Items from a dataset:
= Beginning of Section =
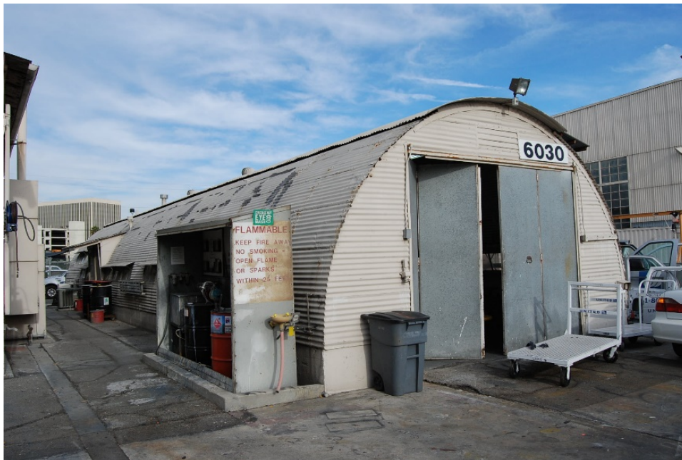
Quonset Hut (#142, 6030 Avion Drive, c. 1943)
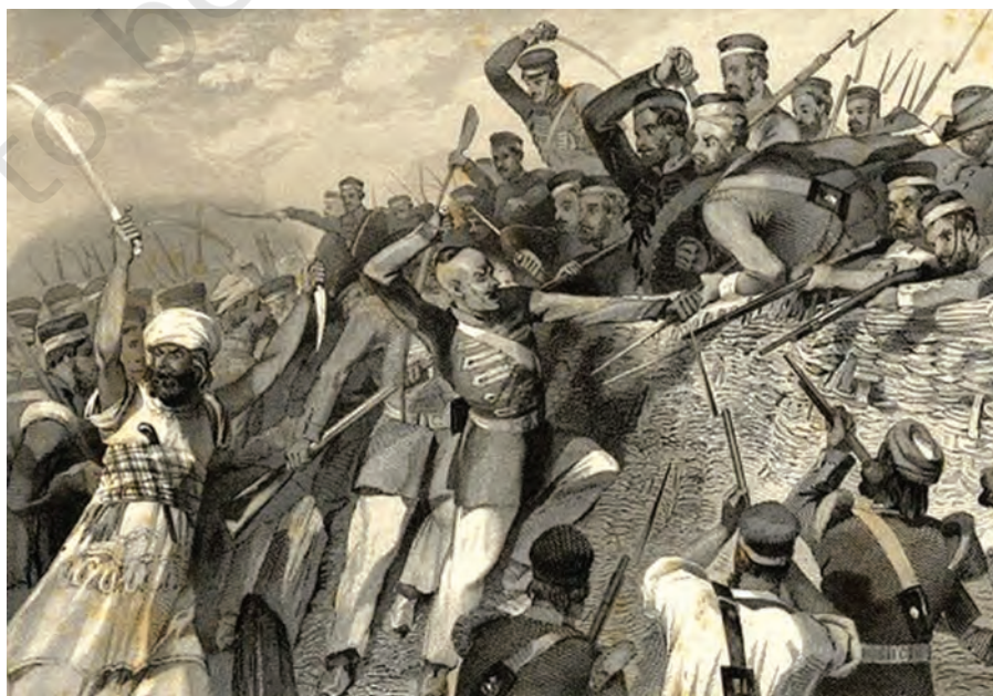
Fig. 10.2 Ordinary people join the sepoys in attacking the British in Lucknow.

Firangi , a term of Persian origin, possibly derived from Frank (from which France gets its name), is used in Urdu and Hindi, often in a derogatory sense, to designate foreigners.
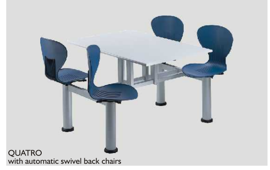
QUATRO with automatic swivel back chairs
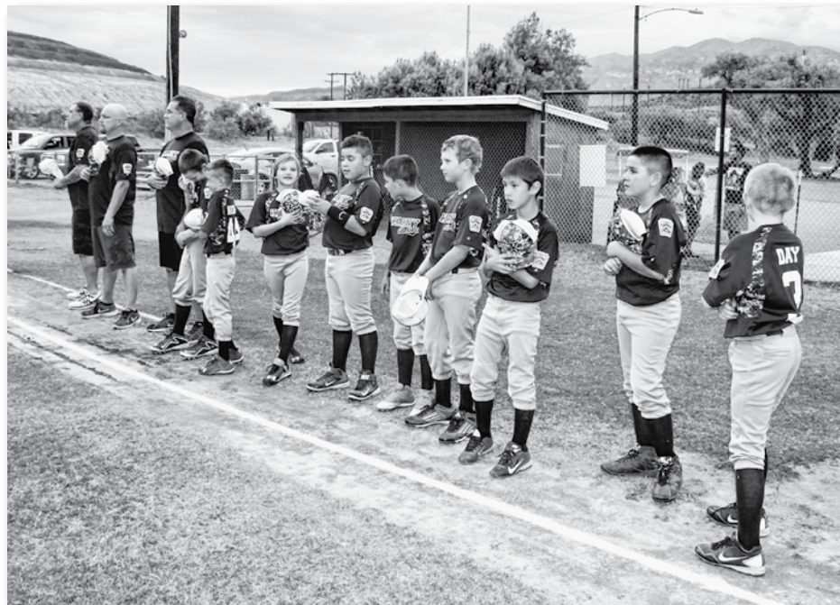
Kearny Little League team lines up before the game.
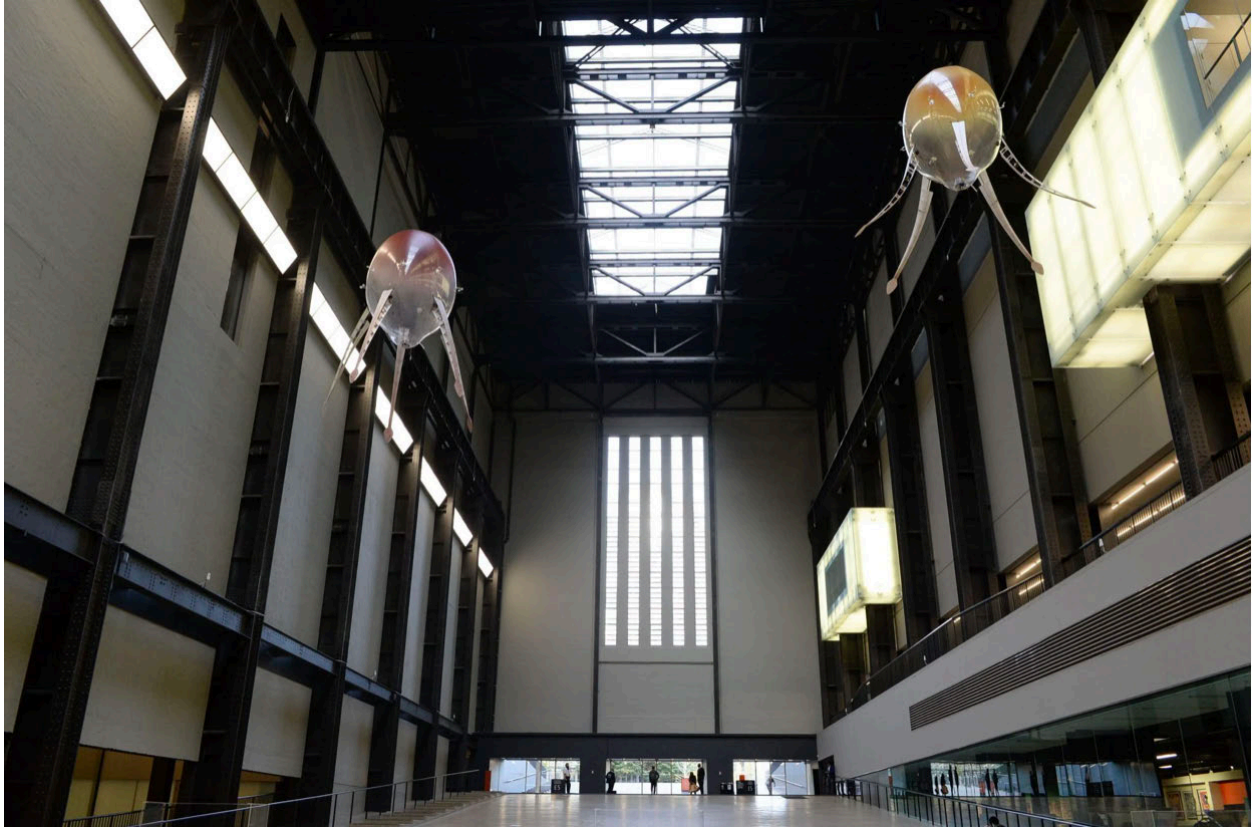
Anicka Yi's 2021 exhibition at Tate Modern in London.

like, feral in a way,” she said of her approach to the art field. “I’m one of the Lost Boys, right? Peter Pan and the Lost Boys. We’re just in our thing, and la-la-la, and all of a sudden, the adults are around.”
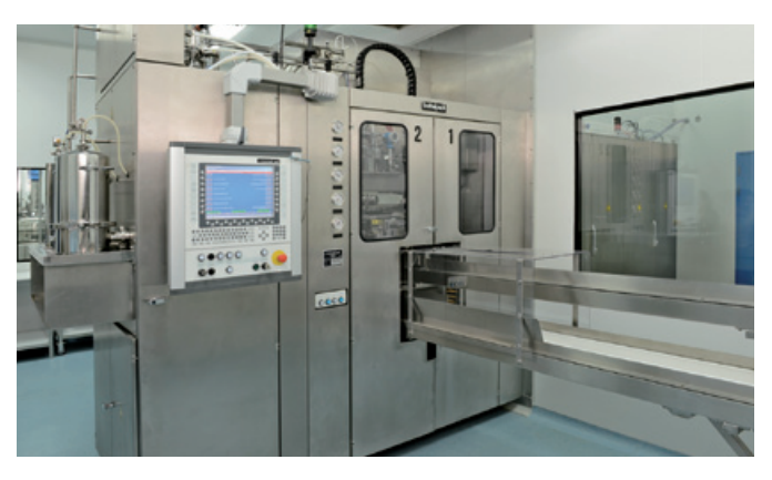
Blow-Fill-Seal production plant

The new factory in Zhuhai is fully equipped with seven production plants. One of which is for the production of active pharmaceutical ingredients – the bFGF. Four others are for the production of our flagship pharmaceutical formulations and the remaining two are the state-of-the-art Blow-Fill-Seal production plants for the production of preservative-free single dose drugs which are currently pending for the production certificate from CFDA.
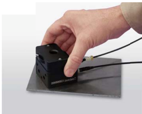
Figure 1. Omni-Spec specular reflection fiber optic probe.

Specular reflection fiber optic probes such as the Omni-Spec can be used effectively to examine coatings and residues on large, curved metal surfaces, provided that care is taken in positioning the probe relative to the sampling surface. The Omni-Spec fiber optic probe operates outside of the spectrometer sample compartment, making it a useful tool for examining large samples.
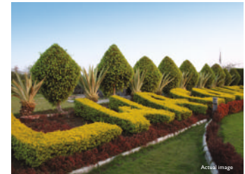
MALWA COUNTY PHASE II INDORE 110 Acre Integrated Township
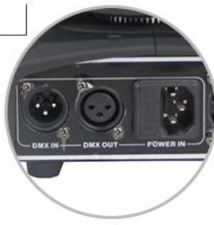
3-pin XLR signal connector input and output
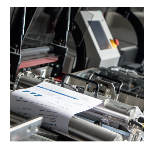
Kern AG 3510 Konolfingen Switzerland

Phone +41 31 790 35 35 info.switzerland@kernworld.com www.kernworld.com
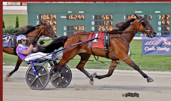
ROSE RUN YOLANDA 3-Year-Old Filly Trotting Champion
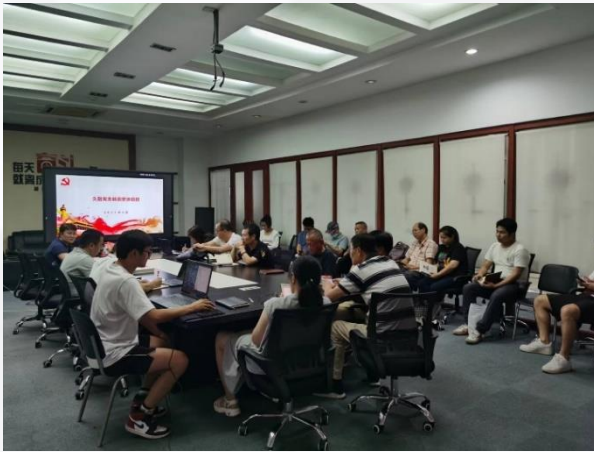
[Party Member Activity]
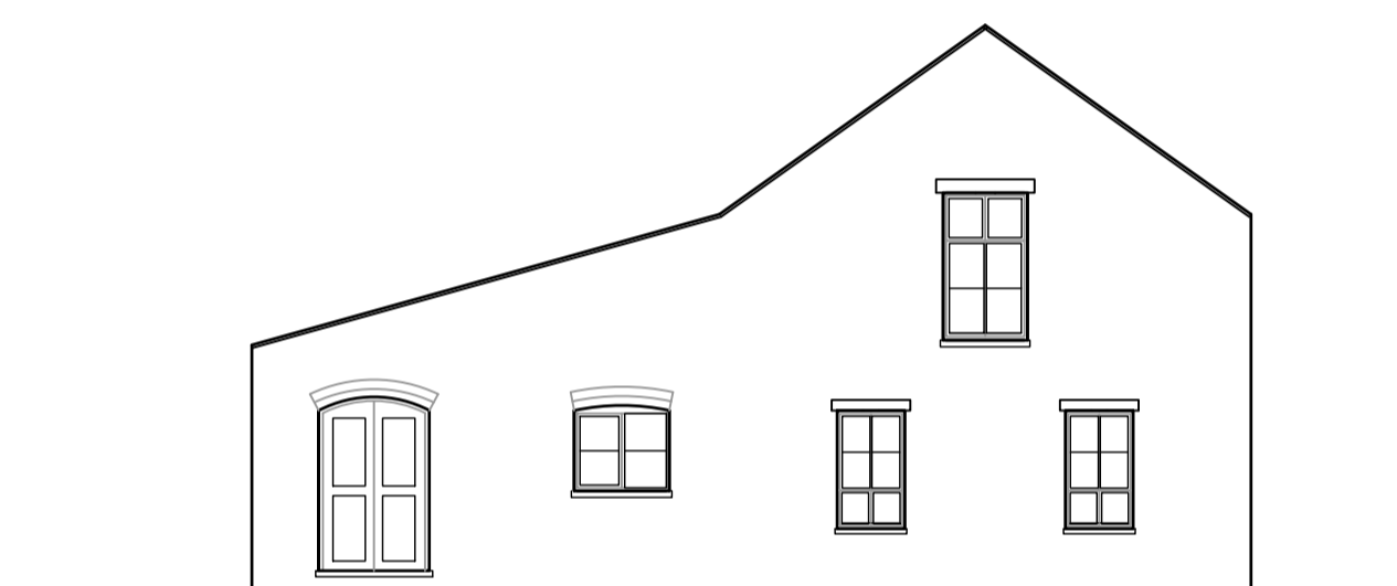
SIDE ELEVATION FACING NORTH EAST
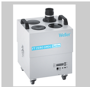
Fume extraction devices
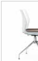
1150 Vortex Swivel Chair Armless
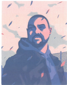
Specifically For Men

NEW LIFE MINISTRIES (50 AND UP) WILL BE HOSTING A PATRIOTIC POTLUCK TUESDAY, MAY 10TH AT 11:15AM
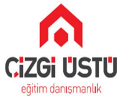
ÇİZGİ ÜSTÜ EDUCATION SUPERVISING
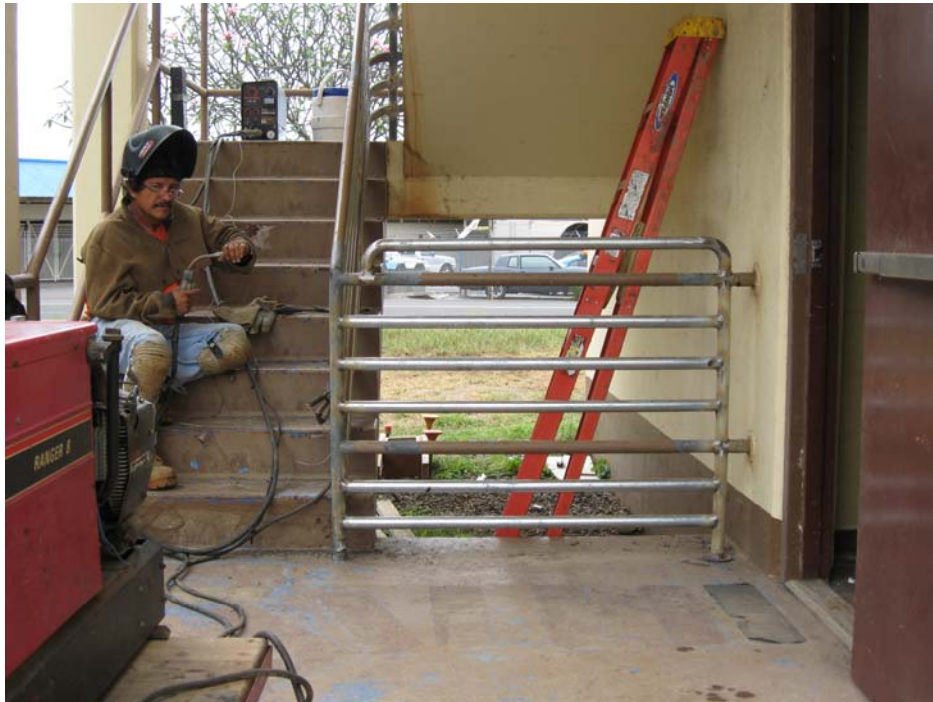
Installation of additional pipe railing at stair no.2
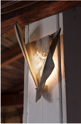
Sconce (356 Glyph, Metal) , 2015 Porous nylon, aluminum, lighting hardware 8 x 5 1/16 inches (20.32 x 12.86 cm) RADSM005
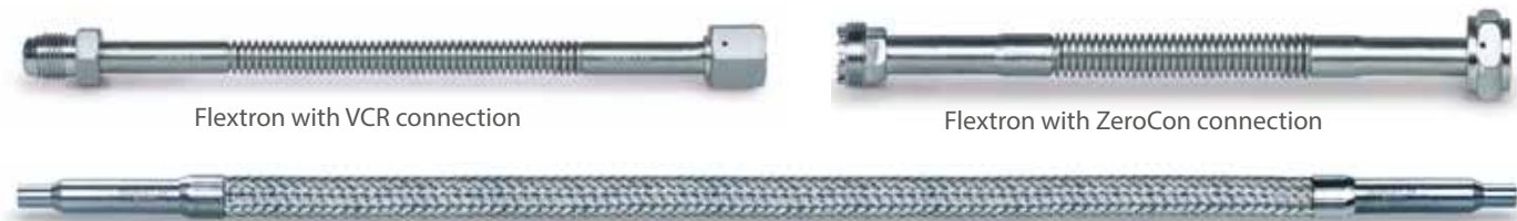
Flextron with VCR connection

Flextron is manufactured from mechanically corrugated stainless steel (1.4404), as standard. A stainless steel wire braid can also be used to achieve a higher pressure resistance. The unique combination of electropolished surface and flexible corrugated hose minimizes the risk of contamination and enables gas transport under full UHP conditions throughout the system. With Flextron, oscillations and vibrations can be decoupled and done to the highest purity standards.
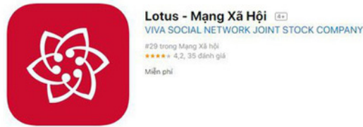
Ảnh chụp màn hình iPhone
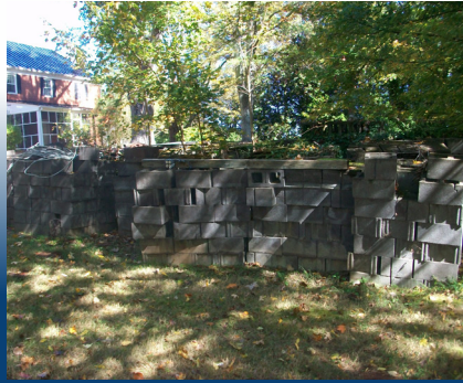
Cinderblocks Qty 1,100
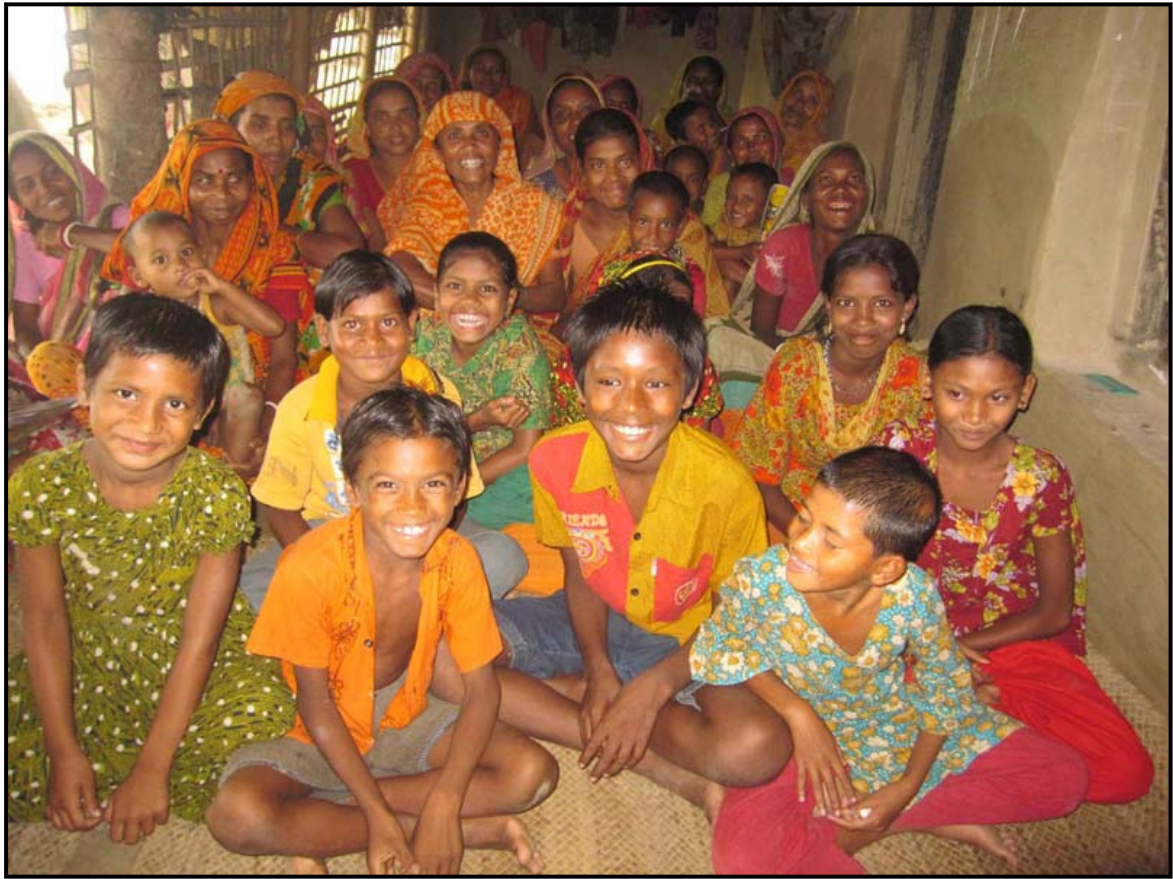
Sorupdaho Guardians Meeting...
= End of Section =
Work request.
The result should be every entry, word for word, and no pictures.

Task solution.
Quonset Hut (#142, 6030 Avion Drive, c. 1943)
Fig. 10.2 Ordinary people join the sepoys in attacking the British in Lucknow.

Firangi , a term of Persian origin, possibly derived from Frank (from which France gets its name), is used in Urdu and Hindi, often in a derogatory sense, to designate foreigners.
QUATRO with automatic swivel back chairs
Kearny Little League team lines up before the game.
Anicka Yi's 2021 exhibition at Tate Modern in London.

like, feral in a way,” she said of her approach to the art field. “I’m one of the Lost Boys, right? Peter Pan and the Lost Boys. We’re just in our thing, and la-la-la, and all of a sudden, the adults are around.”
Blow-Fill-Seal production plant

The new factory in Zhuhai is fully equipped with seven production plants. One of which is for the production of active pharmaceutical ingredients – the bFGF. Four others are for the production of our flagship pharmaceutical formulations and the remaining two are the state-of-the-art Blow-Fill-Seal production plants for the production of preservative-free single dose drugs which are currently pending for the production certificate from CFDA.
Figure 1. Omni-Spec specular reflection fiber optic probe.

Specular reflection fiber optic probes such as the Omni-Spec can be used effectively to examine coatings and residues on large, curved metal surfaces, provided that care is taken in positioning the probe relative to the sampling surface. The Omni-Spec fiber optic probe operates outside of the spectrometer sample compartment, making it a useful tool for examining large samples.
MALWA COUNTY PHASE II INDORE 110 Acre Integrated Township
3-pin XLR signal connector input and output
Kern AG 3510 Konolfingen Switzerland

Phone +41 31 790 35 35 info.switzerland@kernworld.com www.kernworld.com
ROSE RUN YOLANDA 3-Year-Old Filly Trotting Champion
[Party Member Activity]
SIDE ELEVATION FACING NORTH EAST
Fume extraction devices
1150 Vortex Swivel Chair Armless
Specifically For Men

NEW LIFE MINISTRIES (50 AND UP) WILL BE HOSTING A PATRIOTIC POTLUCK TUESDAY, MAY 10TH AT 11:15AM
ÇİZGİ ÜSTÜ EDUCATION SUPERVISING
Installation of additional pipe railing at stair no.2
Sconce (356 Glyph, Metal) , 2015 Porous nylon, aluminum, lighting hardware 8 x 5 1/16 inches (20.32 x 12.86 cm) RADSM005
Flextron with VCR connection

Flextron is manufactured from mechanically corrugated stainless steel (1.4404), as standard. A stainless steel wire braid can also be used to achieve a higher pressure resistance. The unique combination of electropolished surface and flexible corrugated hose minimizes the risk of contamination and enables gas transport under full UHP conditions throughout the system. With Flextron, oscillations and vibrations can be decoupled and done to the highest purity standards.
Ảnh chụp màn hình iPhone
Cinderblocks Qty 1,100
Sorupdaho Guardians Meeting...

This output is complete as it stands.